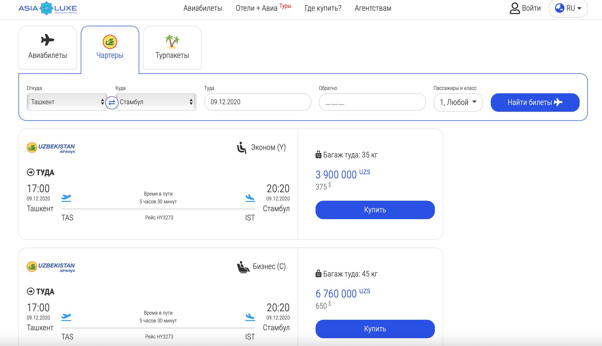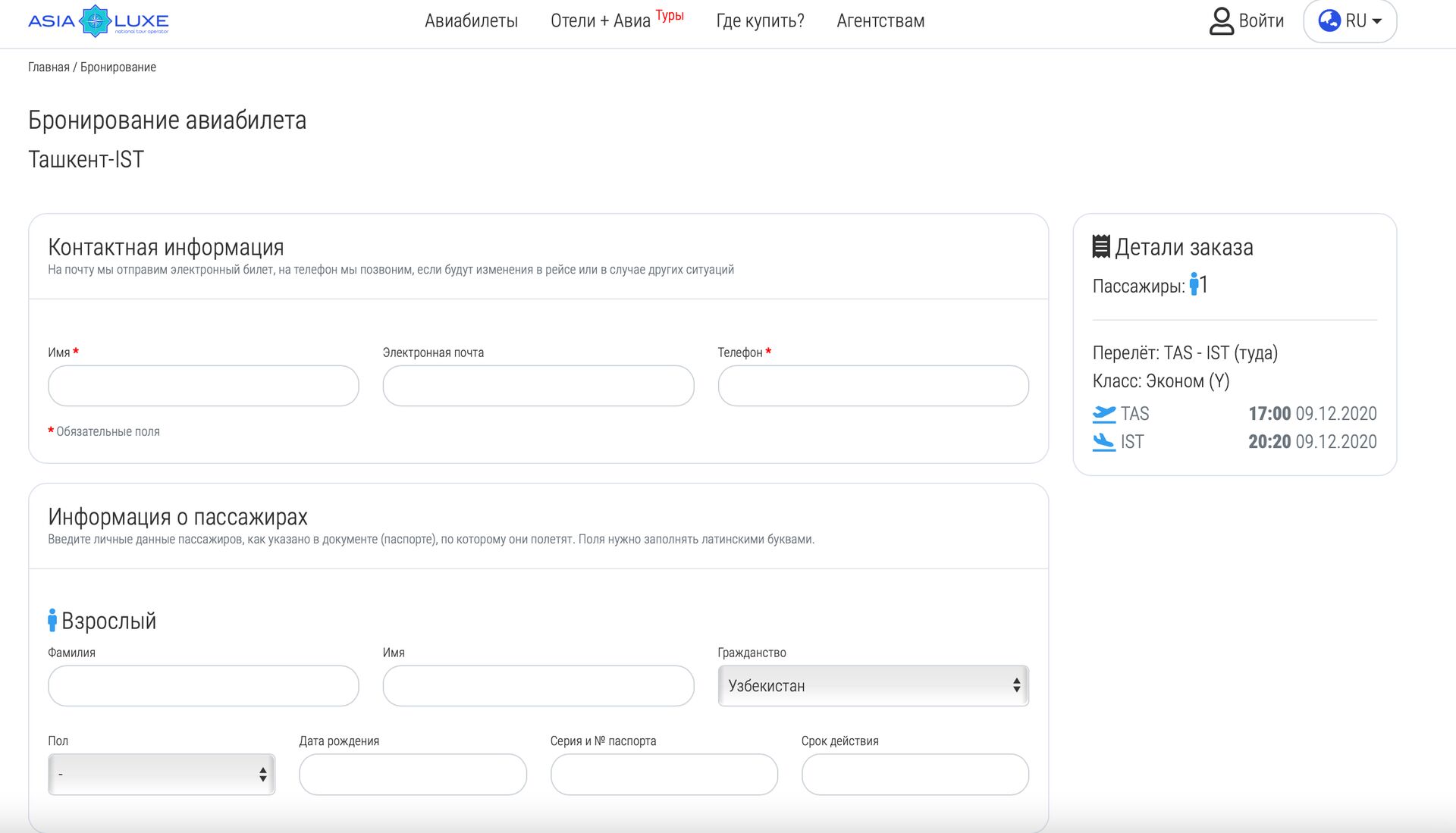 Больше нет необходимости тратить своё время на авиакассы и личное посещение турагентств. На платформе www.asialuxe.uz представлены как регулярные (Uzbekistan Airways), так и чартерные направления (Asialuxe Travel). Весь процесс максимально автоматизирован и требует минимального участия пользователя. Например, для покупки авиабилета вам необходимо совершить всего несколько шагов:
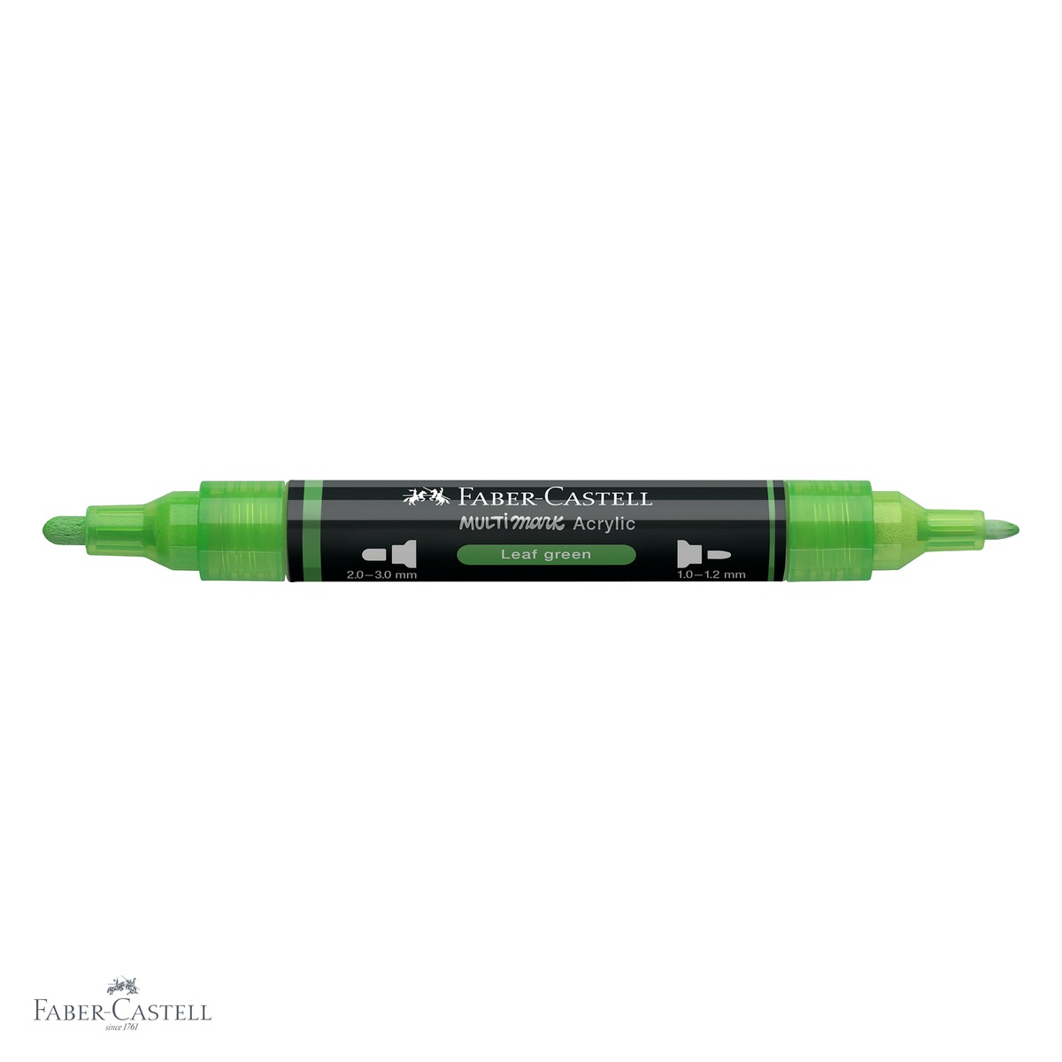 Marker acrilic Faber-Castell Multimark, culoare verde frunza 112, cu varf dublu (2-3 mm si 1-1,2 mm). Cerneala pe baza de apa, opaca, usor de aplicat pe hartie, lemn, sticla, metal si alte suprafete.
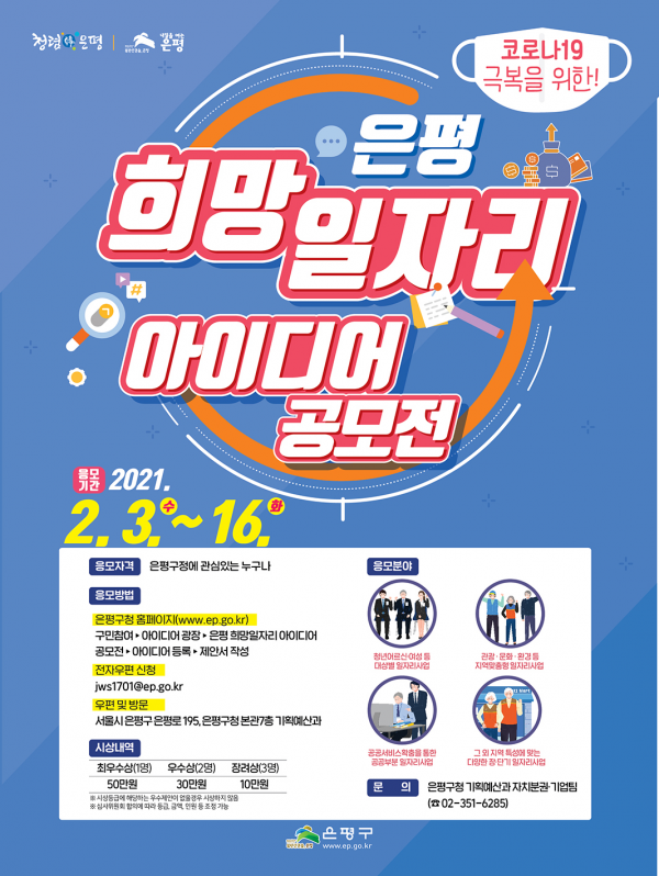김미경 은평구청장은 “공모전을 통해 위축된 지역경제에 활기를 불어넣고 21년 변화된 일자리 환경에 맞춰 지역 특성을 살릴 수 있는 다양한 아이디어를 기대하며 관심 있는 분들의 많은 참여를 바란다”고 말했다.
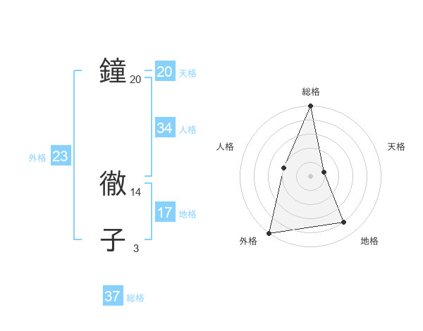 鐘 徹子さんの総格は37画の5点!
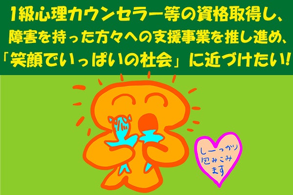 障害者サポートを積極的かつ円滑にする社会貢献の架け橋のような存在でありたいとの思いがあります。取得には時間も費用もかかりますが、意思は固いです。「発達障害学習支援サポーターであり、心理カウンセラー」の、肩書きに負けない、心は温かく、熱い支援者になります。
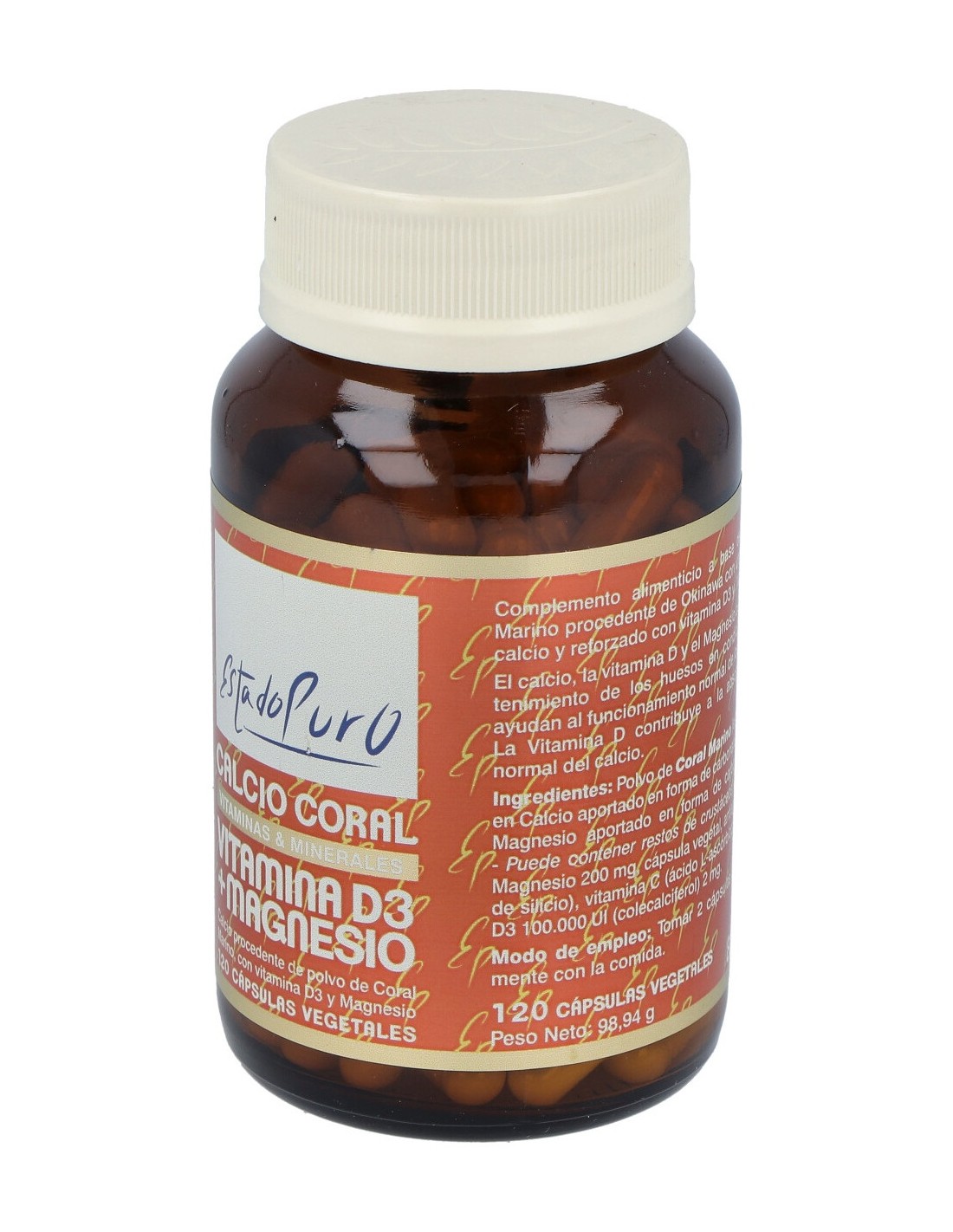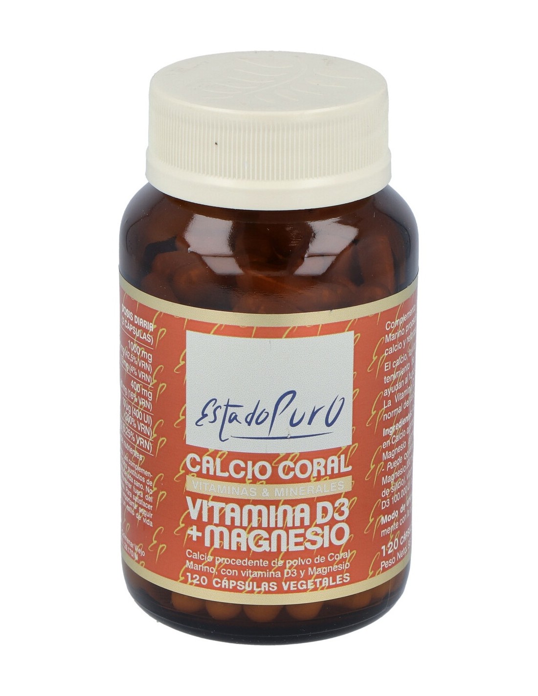 Estado Puro Calcio Coral Vitamina D3 Magnesio 120caps es un complemento alimenticio compuesto por una composición única, muy rica en minerales.
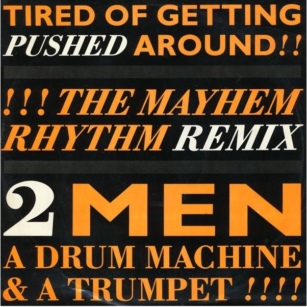Sadly, for 2 Men A Drum Machine And A Trumpet, Tired Of Getting Pushed Around was their high water mark, reaching 18 in the UK charts, and their one and only release.
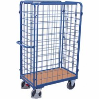 Vysoké policové vozíky s jednou spodní policí vhodné do skladů pro přepravu materiálu a zboží. Police je vyrobená z MDF desky. Vozíky jsou opatřené mřížovými bočnicemi s oky velikosti 12 x 12 cm. Pohyb zajišťují čtyři kola s valivými kuličkovými ložisky, z nichž dvě jsou pevná a dvě otočná s brzdou Easy Stop a ochrannými kryty. Možnost vložení dalších polic stavitelných v rastru 12 cm.Vysoké policové vozíky se 4 mřížovými bočnicemi, do 400 - 500 kg, 1 police
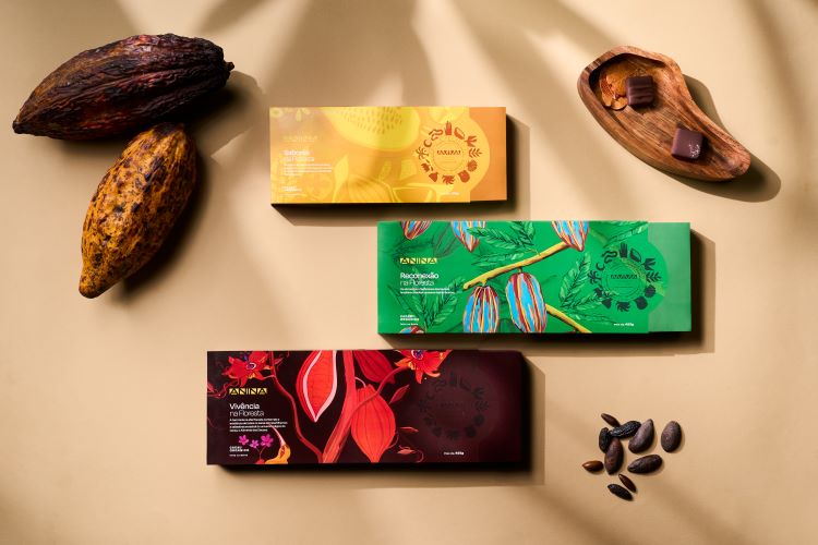Além disso, a parceria com a estilista Flávia Aranha traz uma linha exclusiva de produtos, como barras de chocolate embaladas em tecido sustentável, tingido com corantes naturais, agregando sofisticação e um significado especial ao presente.
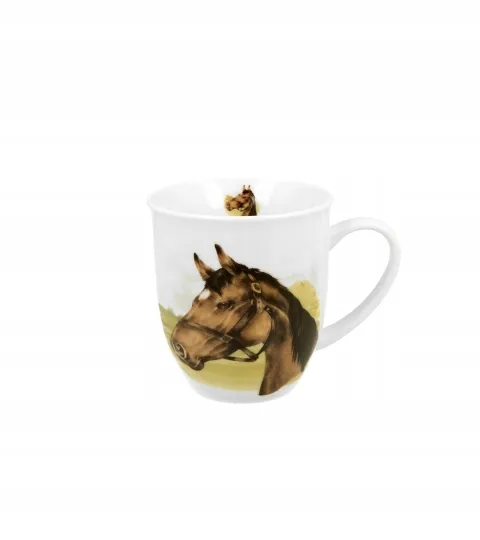 Kubek Portret Konia z serii Świat Zwierząt o pojemności 400 ml łączy wysokiej jakości porcelanę z realistycznym, artystycznym wizerunkiem konia. Idealny do kawy i herbaty.
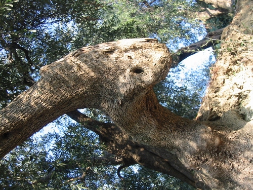L'ulivo è una pianta tipica della mia regione e quest'albero è interessante per la particolare curva del tronco che, con il foro nel legno, sembra rappresentare un animale. Forse un ermellino?
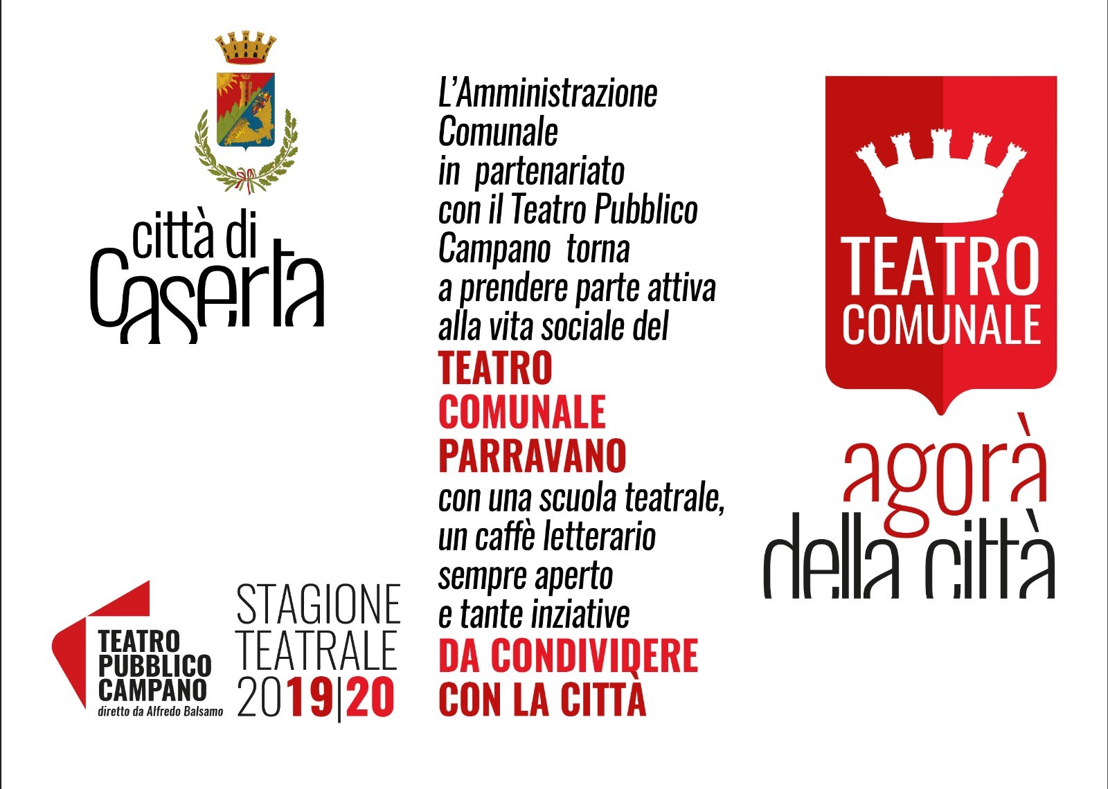 In allegato, il cartellone della nuova stagione teatrale e le altre novità presentate in Comune dal sindaco Carlo Marino e dagli assessori Emiliano Casale e Tiziana Petrillo.
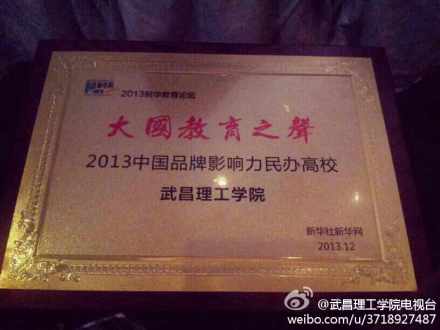 在2013年新华教育论坛——“大国教育之声”活动上,公布了2013中国教育功勋人物、2013中国突出贡献教育人物、2013中国最具综合实力教育集团、2013中国品牌影响力民办高校、2013中国品牌影响力独立学院等20余个奖项。经过网民投票、专家评审等环节,武昌理工学院从400余所民办高校中脱颖而出,成功获评为“2013中国品牌影响力民办高校”,并且全国排名第二。
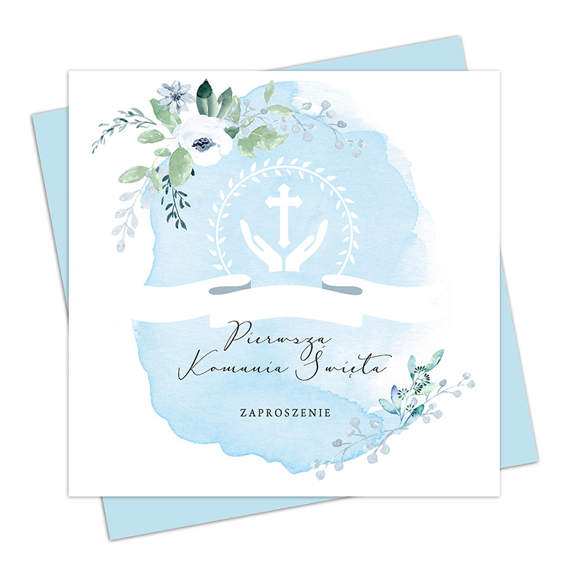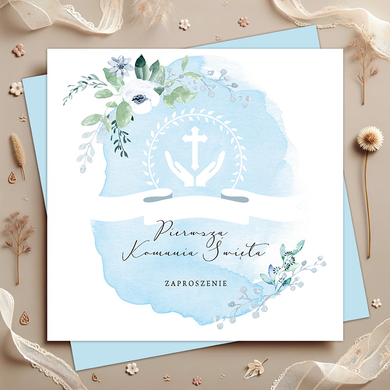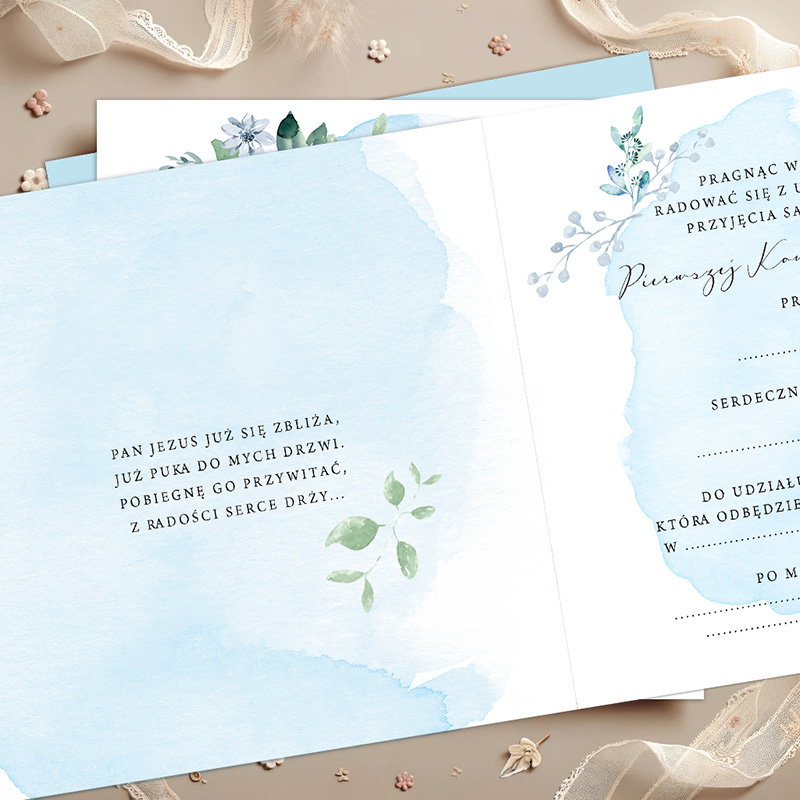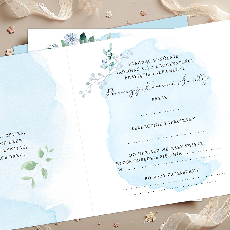 ZAPROSZENIA uniwersalne na Komunię Błękitne Gałązki 10szt

○ ○ ○ ○ ○

To complete this exercise, repeat exactly the lines above from the one holding "Estado Puro Calcio" to the end of the listing, both included, and leave the pictures out.

* **Answer to this exercise**:
 Estado Puro Calcio Coral Vitamina D3 Magnesio 120caps es un complemento alimenticio compuesto por una composición única, muy rica en minerales.
Sadly, for 2 Men A Drum Machine And A Trumpet, Tired Of Getting Pushed Around was their high water mark, reaching 18 in the UK charts, and their one and only release.
 Vysoké policové vozíky s jednou spodní policí vhodné do skladů pro přepravu materiálu a zboží. Police je vyrobená z MDF desky. Vozíky jsou opatřené mřížovými bočnicemi s oky velikosti 12 x 12 cm. Pohyb zajišťují čtyři kola s valivými kuličkovými ložisky, z nichž dvě jsou pevná a dvě otočná s brzdou Easy Stop a ochrannými kryty. Možnost vložení dalších polic stavitelných v rastru 12 cm.Vysoké policové vozíky se 4 mřížovými bočnicemi, do 400 - 500 kg, 1 police
Além disso, a parceria com a estilista Flávia Aranha traz uma linha exclusiva de produtos, como barras de chocolate embaladas em tecido sustentável, tingido com corantes naturais, agregando sofisticação e um significado especial ao presente.
 Kubek Portret Konia z serii Świat Zwierząt o pojemności 400 ml łączy wysokiej jakości porcelanę z realistycznym, artystycznym wizerunkiem konia. Idealny do kawy i herbaty.
L'ulivo è una pianta tipica della mia regione e quest'albero è interessante per la particolare curva del tronco che, con il foro nel legno, sembra rappresentare un animale. Forse un ermellino?
 In allegato, il cartellone della nuova stagione teatrale e le altre novità presentate in Comune dal sindaco Carlo Marino e dagli assessori Emiliano Casale e Tiziana Petrillo.
 在2013年新华教育论坛——“大国教育之声”活动上,公布了2013中国教育功勋人物、2013中国突出贡献教育人物、2013中国最具综合实力教育集团、2013中国品牌影响力民办高校、2013中国品牌影响力独立学院等20余个奖项。经过网民投票、专家评审等环节,武昌理工学院从400余所民办高校中脱颖而出,成功获评为“2013中国品牌影响力民办高校”,并且全国排名第二。
 ZAPROSZENIA uniwersalne na Komunię Błękitne Gałązki 10szt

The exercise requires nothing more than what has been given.